• **What you should do**:
Produce a verbatim transcript of the entries below, excluding pictures.

━━ Record set

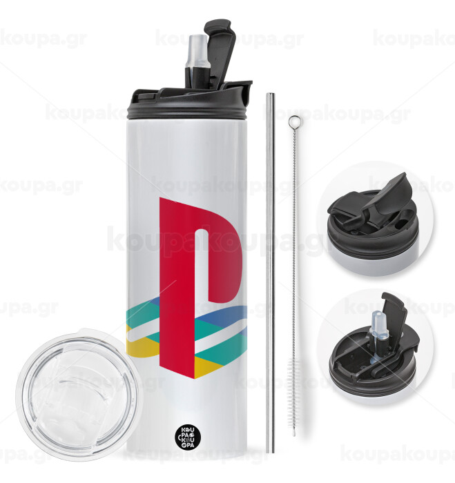 με 2 καπάκια για να επιλέξετε ανάμεσα σε απλό ποτήρι με καλαμάκι ή μετατροπή σε παγούρι θερμό με 2 τρόπους χρήσης (καλαμάκι ή στόμιο) με μεταλλικό επαναχρησιμοποιούμενο καλαμάκι. Απολαύστε το αγαπημένο σας ρόφημα κάθε στιγμή στο μοναδικό αυτό οικολογικό θερμό. Διατηρεί τη θερμοκρασία για αρκετές ώρες και είναι κατασκευασμένο από ανοξείδωτο ατσάλι. Κατάλληλο για ζεστά και κρύα ροφήματα. Συνοδεύεται από βουρτσάκι καθαρισμού για το καλαμάκι.
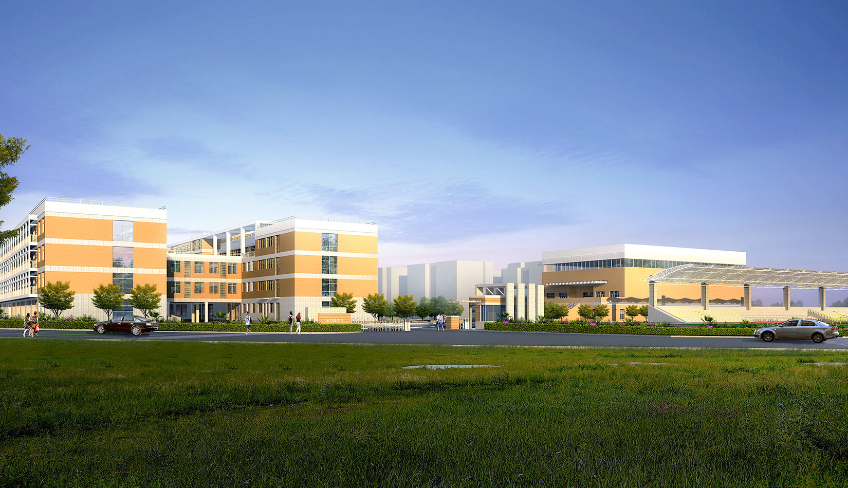 從基地及周邊地區(qū)的城市環(huán)境出發(fā),探索建筑在城市肌理、功能分區(qū)、教育建筑形象等方面的形態(tài)生成因素,力求創(chuàng)造一個鮮明個性、現(xiàn)代、高效、體現(xiàn)教育建筑特色的城市建筑形象,為整個地域帶來嶄新的城市肌理。
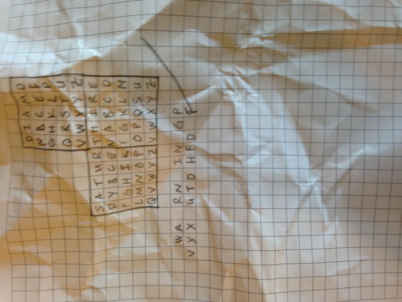 We can’t believe our luck! Our undercover agent walked in while the ring leader was encrypting a message using the new scheme. She managed to take a picture of a scrap of paper on the desk that must indicate how messages are encrypted, although she noticed quite a few other scraps of paper with similar squares of letters in various arrangements. Shortly afterwards we intercepted a message that was probably encrypted using this method. However, neither we, nor the agent, are quite sure how this scheme works. We hope you can help us figure it out and break the encrypted message. We are worried our agent has been discovered so she is going to lay low. Please send us the contents of the encrypted message as soon as possible!
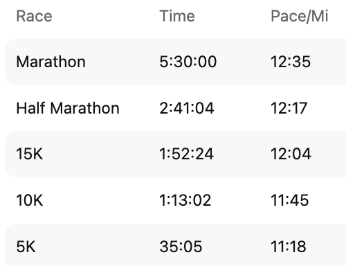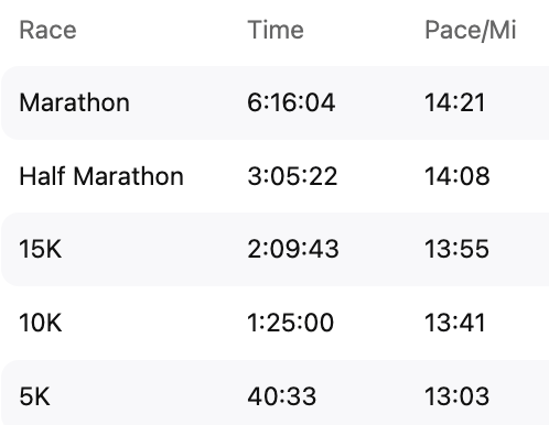 My current 10k pace is 13:30.
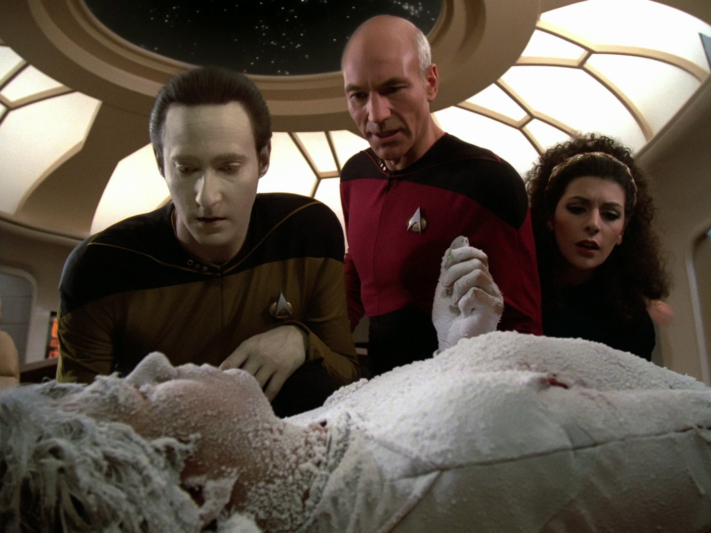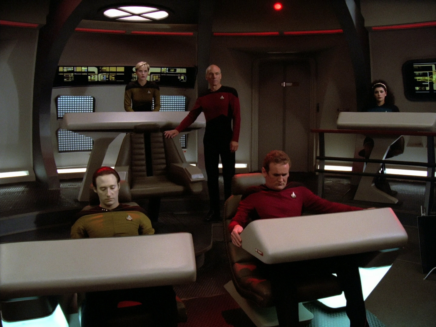 After separating the saucer to protect the families on board, Picard stays behind to face Q. Suddenly, the ship begins shaking as it did when Q first appeared, and after a bright flash of light, Picard, Data, Troi and Tasha find themselves in a 21st century courtroom. As the bailiff announces the judge, the crew is shocked to find Q sitting on the bench!

━━━━

• **Solution to this task**:
 με 2 καπάκια για να επιλέξετε ανάμεσα σε απλό ποτήρι με καλαμάκι ή μετατροπή σε παγούρι θερμό με 2 τρόπους χρήσης (καλαμάκι ή στόμιο) με μεταλλικό επαναχρησιμοποιούμενο καλαμάκι. Απολαύστε το αγαπημένο σας ρόφημα κάθε στιγμή στο μοναδικό αυτό οικολογικό θερμό. Διατηρεί τη θερμοκρασία για αρκετές ώρες και είναι κατασκευασμένο από ανοξείδωτο ατσάλι. Κατάλληλο για ζεστά και κρύα ροφήματα. Συνοδεύεται από βουρτσάκι καθαρισμού για το καλαμάκι.
 從基地及周邊地區(qū)的城市環(huán)境出發(fā),探索建筑在城市肌理、功能分區(qū)、教育建筑形象等方面的形態(tài)生成因素,力求創(chuàng)造一個鮮明個性、現(xiàn)代、高效、體現(xiàn)教育建筑特色的城市建筑形象,為整個地域帶來嶄新的城市肌理。
 We can’t believe our luck! Our undercover agent walked in while the ring leader was encrypting a message using the new scheme. She managed to take a picture of a scrap of paper on the desk that must indicate how messages are encrypted, although she noticed quite a few other scraps of paper with similar squares of letters in various arrangements. Shortly afterwards we intercepted a message that was probably encrypted using this method. However, neither we, nor the agent, are quite sure how this scheme works. We hope you can help us figure it out and break the encrypted message. We are worried our agent has been discovered so she is going to lay low. Please send us the contents of the encrypted message as soon as possible!
 My current 10k pace is 13:30.
 After separating the saucer to protect the families on board, Picard stays behind to face Q. Suddenly, the ship begins shaking as it did when Q first appeared, and after a bright flash of light, Picard, Data, Troi and Tasha find themselves in a 21st century courtroom. As the bailiff announces the judge, the crew is shocked to find Q sitting on the bench!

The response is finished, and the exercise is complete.